Georges Wanyu, directeur du consortium pour la Cohésion sociale, précise la feuille de route : « Nashiriki Kwa Masikilizano vise à stabiliser les communautés par la promotion de la cohésion sociale. Nous renforcerons les capacités des autorités administratives, coutumières et des leaders civils. » Un maillage essentiel dans ces régions où la méfiance envers les institutions alimente les cycles de violence. Le projet s'articule autour d'un triptyque : médiation locale, résilience communautaire et empowerment des structures traditionnelles. Des mécanismes qui ont fait leurs preuves lors de la première phase mais qui doivent désormais s'adapter à l'escalade sécuritaire récente.
Le gouverneur Somo, dans son allocution, a martelé l'urgence d'une action internationale concrète : « La population attend impatiemment l'application coercitive de la résolution 2773 de l'ONU. » Un appel direct aux diplomates européens présents, alors que les groupes armés étendent leur emprise. Cette pression politique s'accompagne d'un défi opérationnel de taille : comment les organisations impliquées – Conseil norvégien pour les réfugiés, International Alert, Search For Common Ground et Ebuteli – parviendront-elles à déployer leurs équipes dans des zones toujours plus enclavées par l'insécurité ?

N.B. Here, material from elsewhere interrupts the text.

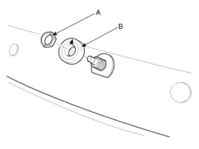 2. Detach the wiper cap (A), and then remove the rear wiper arm after removing a nut (B).

La réconciliation Nord-Kivu passe par un travail de fourmi. Dans les territoires de Djugu et de Beni, les animateurs terrain le savent bien : chaque atelier de médiation, chaque dialogue intercommunautaire est une bataille contre la méfiance ancestrale. Le programme mise sur l'intégration des chefs coutumiers, gardiens de la mémoire collective, et sur la formation de jeunes relais communautaires. Une approche bottom-up qui contraste avec les échecs passés des macro-initiatives de paix. Mais le calendrier serré – seulement dix mois – soulève des interrogations. Peut-on reconstruire la cohésion sociale Est RDC à coups de projets ponctuels ?
L'enjeu dépasse la simple pacification. Derrière les projets paix Ituri se profile une course contre la montre pour éviter l'effondrement définitif du tissu social. Les femmes de Bunia, premières victimes des violences sexuelles, attendent des espaces sécurisés pour témoigner. Les jeunes de Goma réclament des alternatives concrètes à l'enrôlement forcé. Si Nashiriki Kwa Masikilizano (« Je participe à la réconciliation » en swahili) porte une ambition louable, sa réussite dépendra de sa capacité à transformer l'essai sur un terrain miné par des décennies de conflits. L'Europe a ouvert son portefeuille, mais la balle est désormais dans le camp des acteurs locaux.